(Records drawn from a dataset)
──────
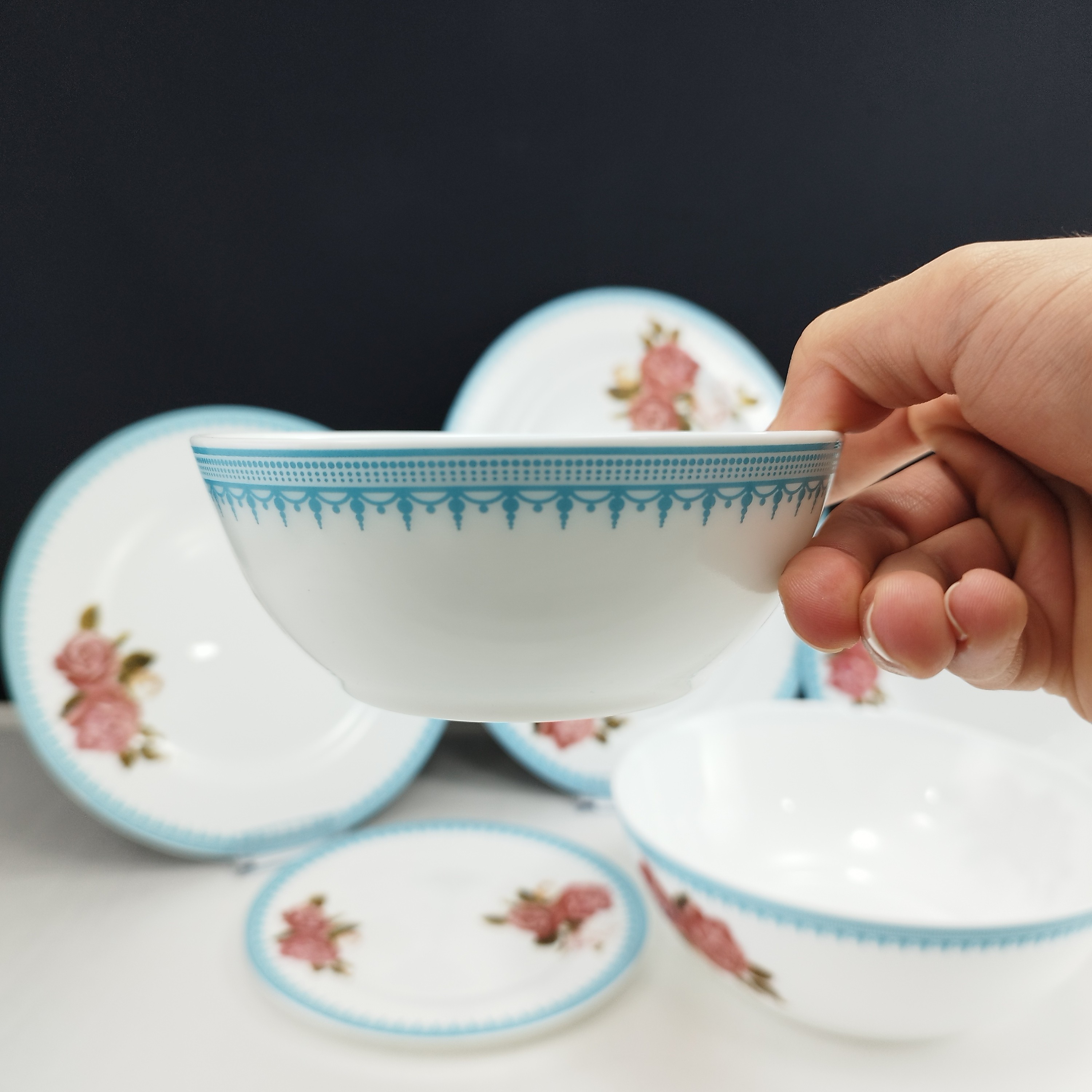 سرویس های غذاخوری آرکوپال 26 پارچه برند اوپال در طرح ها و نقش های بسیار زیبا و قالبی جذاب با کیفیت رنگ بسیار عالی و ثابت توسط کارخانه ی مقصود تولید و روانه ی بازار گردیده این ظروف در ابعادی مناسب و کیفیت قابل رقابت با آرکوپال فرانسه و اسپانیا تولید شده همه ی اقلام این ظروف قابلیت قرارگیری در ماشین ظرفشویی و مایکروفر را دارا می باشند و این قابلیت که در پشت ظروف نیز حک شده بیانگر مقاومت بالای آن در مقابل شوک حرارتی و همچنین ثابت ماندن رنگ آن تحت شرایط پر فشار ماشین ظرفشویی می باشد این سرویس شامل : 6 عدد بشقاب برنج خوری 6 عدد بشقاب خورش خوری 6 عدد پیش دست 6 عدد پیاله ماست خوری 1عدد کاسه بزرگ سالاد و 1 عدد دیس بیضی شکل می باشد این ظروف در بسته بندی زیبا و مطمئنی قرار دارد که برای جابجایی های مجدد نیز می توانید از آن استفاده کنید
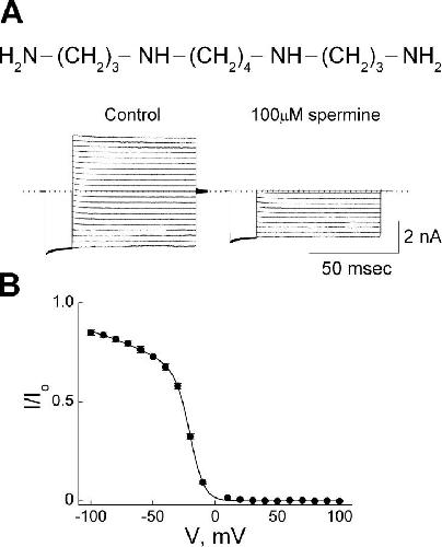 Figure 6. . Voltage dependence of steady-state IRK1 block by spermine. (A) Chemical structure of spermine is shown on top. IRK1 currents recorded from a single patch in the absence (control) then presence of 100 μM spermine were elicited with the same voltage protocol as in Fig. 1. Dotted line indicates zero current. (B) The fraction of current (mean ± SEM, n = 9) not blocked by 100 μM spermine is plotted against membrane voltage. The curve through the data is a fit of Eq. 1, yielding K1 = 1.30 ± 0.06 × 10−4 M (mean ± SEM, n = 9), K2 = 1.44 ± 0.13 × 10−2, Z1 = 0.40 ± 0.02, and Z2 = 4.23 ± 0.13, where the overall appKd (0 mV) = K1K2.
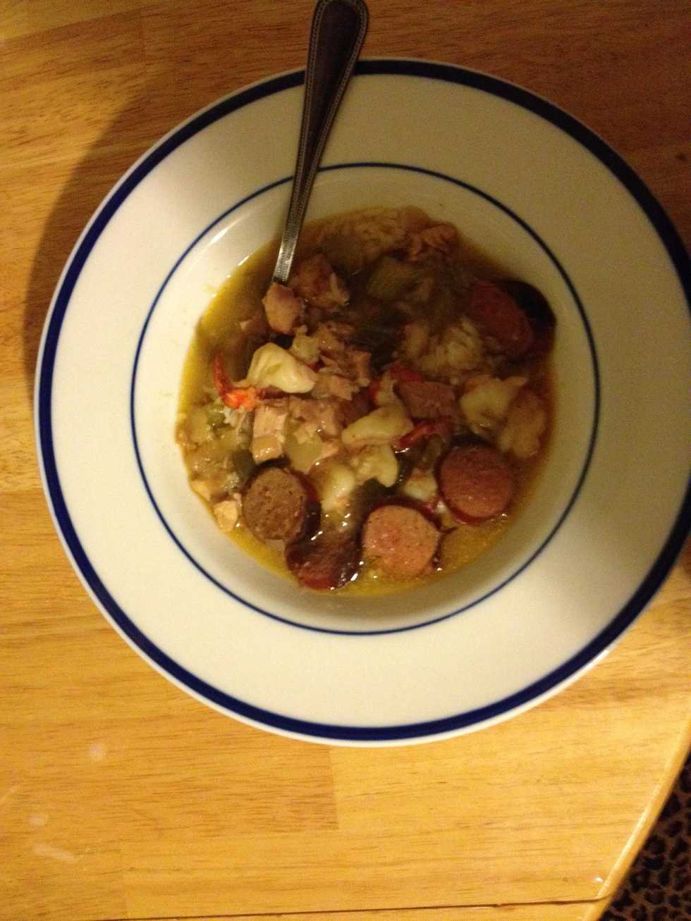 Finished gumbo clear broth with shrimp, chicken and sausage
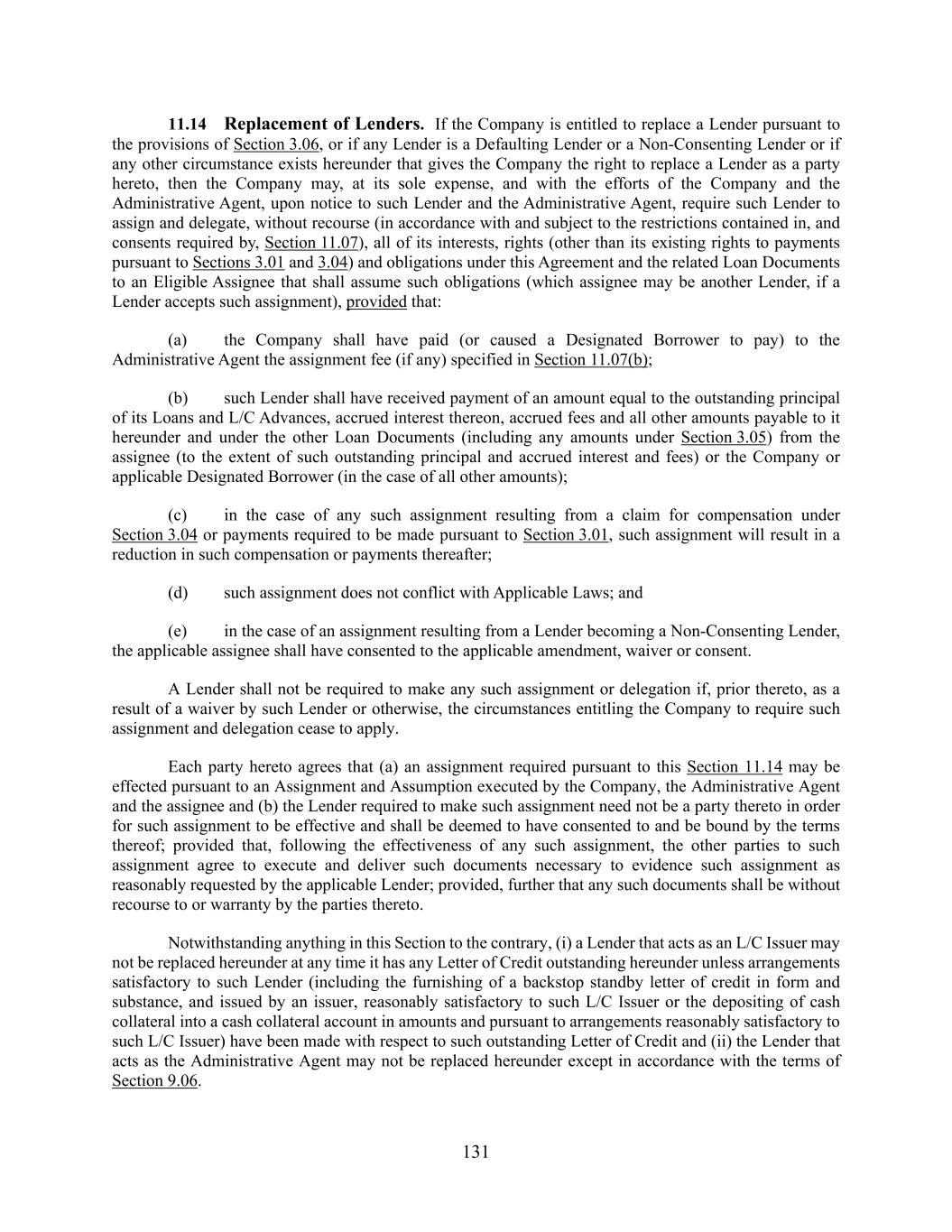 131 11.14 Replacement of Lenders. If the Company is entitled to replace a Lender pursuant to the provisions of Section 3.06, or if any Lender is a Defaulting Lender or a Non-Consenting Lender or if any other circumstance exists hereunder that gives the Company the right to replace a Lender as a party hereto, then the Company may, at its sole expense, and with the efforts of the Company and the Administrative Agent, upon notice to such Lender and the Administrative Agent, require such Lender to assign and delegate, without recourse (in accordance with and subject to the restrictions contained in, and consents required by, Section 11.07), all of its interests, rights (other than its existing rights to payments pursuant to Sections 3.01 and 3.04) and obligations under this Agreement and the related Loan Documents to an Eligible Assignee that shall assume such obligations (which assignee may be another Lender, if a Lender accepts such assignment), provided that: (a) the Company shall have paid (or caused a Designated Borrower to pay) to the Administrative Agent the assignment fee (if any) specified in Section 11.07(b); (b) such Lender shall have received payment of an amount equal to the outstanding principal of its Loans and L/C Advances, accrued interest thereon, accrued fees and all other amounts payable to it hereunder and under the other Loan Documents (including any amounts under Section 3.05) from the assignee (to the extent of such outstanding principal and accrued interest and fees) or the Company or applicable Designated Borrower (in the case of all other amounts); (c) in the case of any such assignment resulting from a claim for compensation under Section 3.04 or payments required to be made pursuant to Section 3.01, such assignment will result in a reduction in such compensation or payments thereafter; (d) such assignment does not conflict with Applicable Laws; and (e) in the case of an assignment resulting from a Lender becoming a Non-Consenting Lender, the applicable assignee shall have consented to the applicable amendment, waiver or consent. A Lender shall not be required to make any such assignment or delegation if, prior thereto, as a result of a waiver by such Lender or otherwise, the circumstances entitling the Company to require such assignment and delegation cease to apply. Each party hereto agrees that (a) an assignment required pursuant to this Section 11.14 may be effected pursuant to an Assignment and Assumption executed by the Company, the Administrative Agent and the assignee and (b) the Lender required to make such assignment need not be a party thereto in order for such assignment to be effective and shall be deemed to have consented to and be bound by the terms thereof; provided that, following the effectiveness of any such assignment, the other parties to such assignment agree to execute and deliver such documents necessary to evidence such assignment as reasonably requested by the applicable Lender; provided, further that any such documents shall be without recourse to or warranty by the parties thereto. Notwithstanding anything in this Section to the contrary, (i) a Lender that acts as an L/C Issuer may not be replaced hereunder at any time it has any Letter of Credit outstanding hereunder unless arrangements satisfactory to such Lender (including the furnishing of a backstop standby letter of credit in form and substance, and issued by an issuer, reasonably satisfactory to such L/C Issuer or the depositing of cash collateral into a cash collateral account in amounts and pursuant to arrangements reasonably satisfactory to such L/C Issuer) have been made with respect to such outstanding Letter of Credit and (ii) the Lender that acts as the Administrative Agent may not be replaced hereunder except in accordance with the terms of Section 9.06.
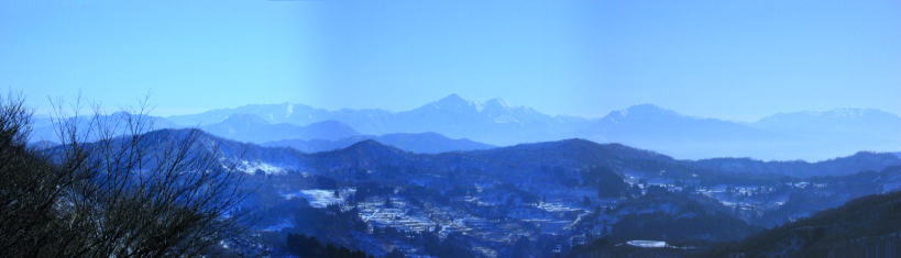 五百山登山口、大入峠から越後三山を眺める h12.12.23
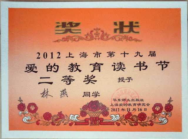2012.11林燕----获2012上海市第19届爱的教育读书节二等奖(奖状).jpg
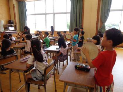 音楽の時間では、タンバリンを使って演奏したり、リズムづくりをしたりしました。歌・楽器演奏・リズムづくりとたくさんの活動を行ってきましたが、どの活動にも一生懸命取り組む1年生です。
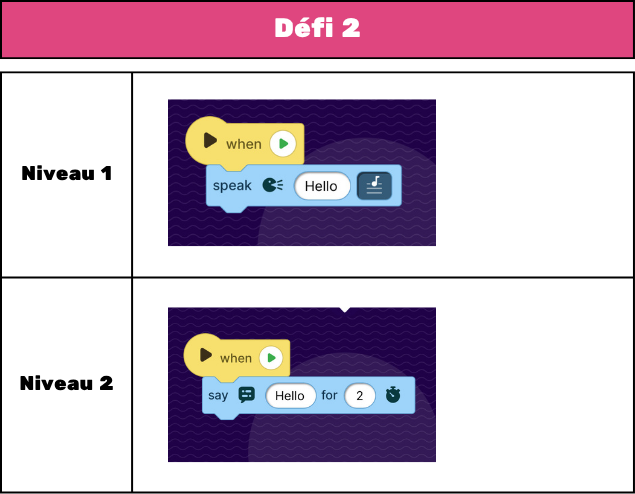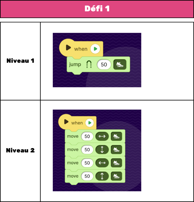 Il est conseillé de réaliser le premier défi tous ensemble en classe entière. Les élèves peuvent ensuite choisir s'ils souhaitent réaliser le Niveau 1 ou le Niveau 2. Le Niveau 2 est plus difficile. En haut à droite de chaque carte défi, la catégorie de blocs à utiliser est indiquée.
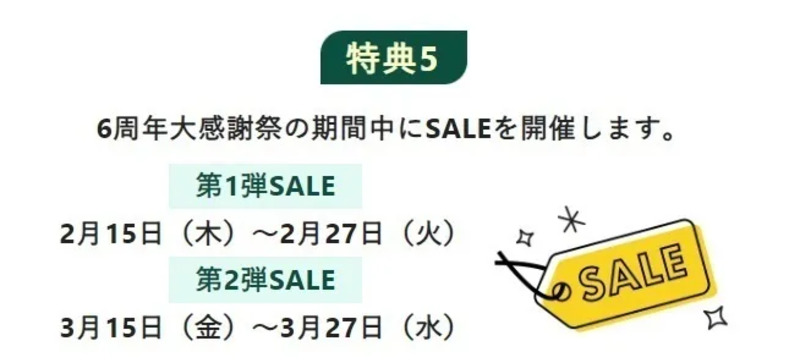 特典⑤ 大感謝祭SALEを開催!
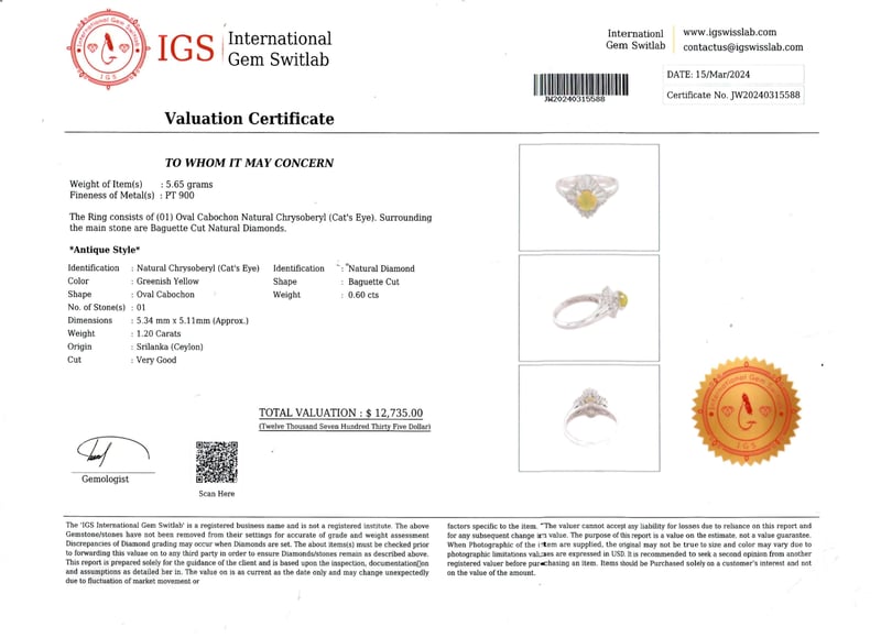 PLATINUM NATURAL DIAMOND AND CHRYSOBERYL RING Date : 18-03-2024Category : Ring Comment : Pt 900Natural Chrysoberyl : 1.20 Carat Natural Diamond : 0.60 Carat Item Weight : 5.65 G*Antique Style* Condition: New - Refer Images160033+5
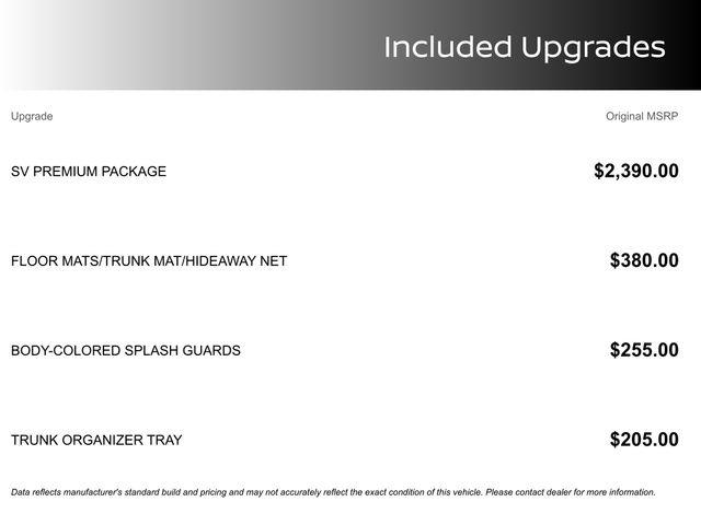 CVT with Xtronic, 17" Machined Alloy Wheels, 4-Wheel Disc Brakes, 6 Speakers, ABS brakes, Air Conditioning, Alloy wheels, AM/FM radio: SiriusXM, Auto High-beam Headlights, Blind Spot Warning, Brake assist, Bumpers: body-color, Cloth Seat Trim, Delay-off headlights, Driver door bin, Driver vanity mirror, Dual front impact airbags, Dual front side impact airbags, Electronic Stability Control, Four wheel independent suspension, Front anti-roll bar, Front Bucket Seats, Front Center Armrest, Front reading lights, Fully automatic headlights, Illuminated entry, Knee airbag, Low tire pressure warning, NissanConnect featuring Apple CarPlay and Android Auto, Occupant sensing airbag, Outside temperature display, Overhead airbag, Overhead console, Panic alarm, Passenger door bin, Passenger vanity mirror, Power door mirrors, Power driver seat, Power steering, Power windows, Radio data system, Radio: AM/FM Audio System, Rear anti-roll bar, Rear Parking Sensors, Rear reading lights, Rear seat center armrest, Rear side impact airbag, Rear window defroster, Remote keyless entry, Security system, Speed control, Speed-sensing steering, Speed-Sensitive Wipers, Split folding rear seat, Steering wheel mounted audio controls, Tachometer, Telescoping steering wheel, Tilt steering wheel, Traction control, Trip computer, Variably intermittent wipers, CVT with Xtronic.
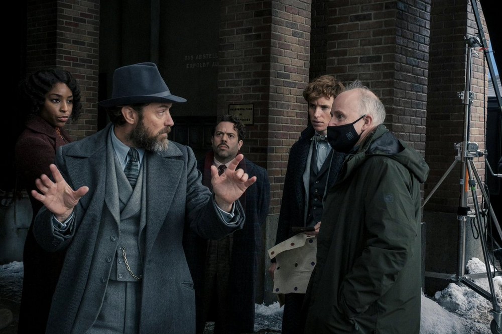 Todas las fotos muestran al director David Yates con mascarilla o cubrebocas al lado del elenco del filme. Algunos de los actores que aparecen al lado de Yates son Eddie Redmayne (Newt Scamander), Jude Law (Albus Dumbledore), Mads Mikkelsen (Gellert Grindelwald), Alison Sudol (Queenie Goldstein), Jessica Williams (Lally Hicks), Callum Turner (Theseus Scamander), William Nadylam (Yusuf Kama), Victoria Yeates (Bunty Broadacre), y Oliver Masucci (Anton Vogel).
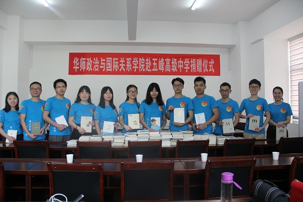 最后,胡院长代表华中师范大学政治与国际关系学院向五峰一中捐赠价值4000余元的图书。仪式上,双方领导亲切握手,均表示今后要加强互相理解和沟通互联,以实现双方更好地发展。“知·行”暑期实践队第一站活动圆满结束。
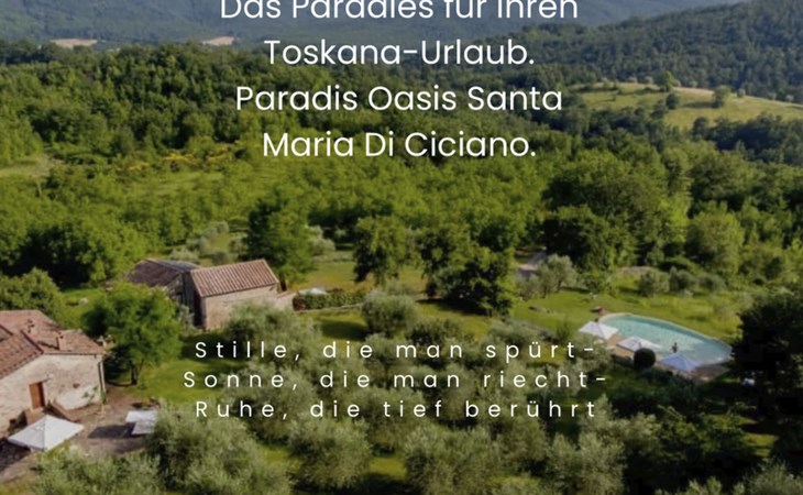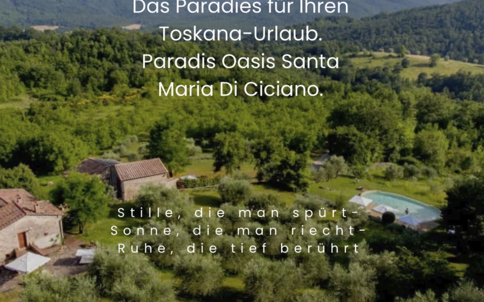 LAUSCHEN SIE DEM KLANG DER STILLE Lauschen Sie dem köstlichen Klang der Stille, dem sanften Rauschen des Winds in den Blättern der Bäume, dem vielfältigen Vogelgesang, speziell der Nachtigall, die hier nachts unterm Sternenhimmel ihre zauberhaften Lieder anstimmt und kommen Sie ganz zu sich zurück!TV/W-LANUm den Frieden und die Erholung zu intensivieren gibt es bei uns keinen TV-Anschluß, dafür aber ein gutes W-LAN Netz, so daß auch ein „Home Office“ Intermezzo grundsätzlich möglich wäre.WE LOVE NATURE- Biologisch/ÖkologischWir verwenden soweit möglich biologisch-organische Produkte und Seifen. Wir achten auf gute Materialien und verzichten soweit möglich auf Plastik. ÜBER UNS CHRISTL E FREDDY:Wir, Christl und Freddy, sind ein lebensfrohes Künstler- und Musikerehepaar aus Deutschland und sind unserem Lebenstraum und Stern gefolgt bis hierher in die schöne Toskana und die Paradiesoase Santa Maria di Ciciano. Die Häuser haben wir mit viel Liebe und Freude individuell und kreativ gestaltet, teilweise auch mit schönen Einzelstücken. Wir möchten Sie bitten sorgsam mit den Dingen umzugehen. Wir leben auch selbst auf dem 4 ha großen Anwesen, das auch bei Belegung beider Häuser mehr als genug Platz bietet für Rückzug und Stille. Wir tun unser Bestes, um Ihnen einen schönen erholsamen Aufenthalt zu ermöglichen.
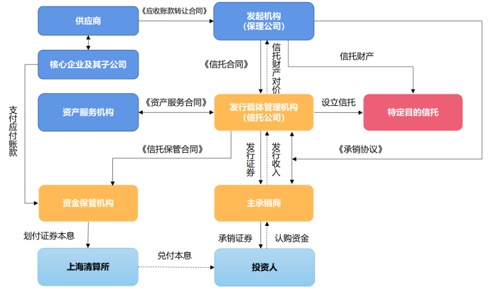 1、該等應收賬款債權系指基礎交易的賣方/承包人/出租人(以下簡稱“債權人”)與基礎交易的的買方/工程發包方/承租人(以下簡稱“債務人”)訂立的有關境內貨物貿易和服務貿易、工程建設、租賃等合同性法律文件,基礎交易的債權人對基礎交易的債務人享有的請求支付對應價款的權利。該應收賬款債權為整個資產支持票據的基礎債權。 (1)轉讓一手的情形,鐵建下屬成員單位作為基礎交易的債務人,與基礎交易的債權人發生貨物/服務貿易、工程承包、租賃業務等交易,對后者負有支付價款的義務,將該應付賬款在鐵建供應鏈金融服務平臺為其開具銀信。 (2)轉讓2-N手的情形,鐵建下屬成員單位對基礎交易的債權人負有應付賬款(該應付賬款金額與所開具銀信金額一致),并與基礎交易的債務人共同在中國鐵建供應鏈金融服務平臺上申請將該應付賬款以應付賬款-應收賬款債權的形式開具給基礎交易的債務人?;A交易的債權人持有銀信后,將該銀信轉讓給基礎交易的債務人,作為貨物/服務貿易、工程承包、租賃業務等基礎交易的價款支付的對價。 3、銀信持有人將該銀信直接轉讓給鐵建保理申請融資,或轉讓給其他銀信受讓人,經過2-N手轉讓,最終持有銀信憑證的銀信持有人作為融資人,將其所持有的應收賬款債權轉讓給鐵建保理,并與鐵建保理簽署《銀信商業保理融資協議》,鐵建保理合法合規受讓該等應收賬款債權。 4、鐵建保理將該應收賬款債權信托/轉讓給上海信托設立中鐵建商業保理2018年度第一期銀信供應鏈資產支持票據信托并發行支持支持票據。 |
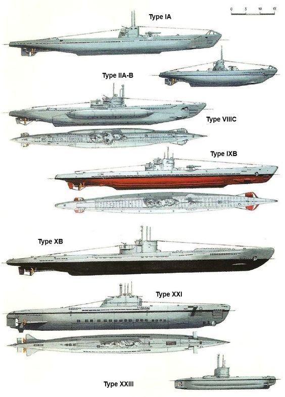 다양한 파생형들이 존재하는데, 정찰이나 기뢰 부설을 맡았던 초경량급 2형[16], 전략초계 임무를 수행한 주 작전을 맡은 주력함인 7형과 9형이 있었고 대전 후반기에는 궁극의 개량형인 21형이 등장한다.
──────
### Task statement:
Transcribe only this stretch of the data: the line with "五百山登山口、大入峠から越後三山を眺める h12.12.23", the line with "特典⑤ 大感謝祭SALEを開催!", and every line in between. Leave out the pictures.

### Output below:
 五百山登山口、大入峠から越後三山を眺める h12.12.23
2012.11林燕----获2012上海市第19届爱的教育读书节二等奖(奖状).jpg
 音楽の時間では、タンバリンを使って演奏したり、リズムづくりをしたりしました。歌・楽器演奏・リズムづくりとたくさんの活動を行ってきましたが、どの活動にも一生懸命取り組む1年生です。
 Il est conseillé de réaliser le premier défi tous ensemble en classe entière. Les élèves peuvent ensuite choisir s'ils souhaitent réaliser le Niveau 1 ou le Niveau 2. Le Niveau 2 est plus difficile. En haut à droite de chaque carte défi, la catégorie de blocs à utiliser est indiquée.
 特典⑤ 大感謝祭SALEを開催!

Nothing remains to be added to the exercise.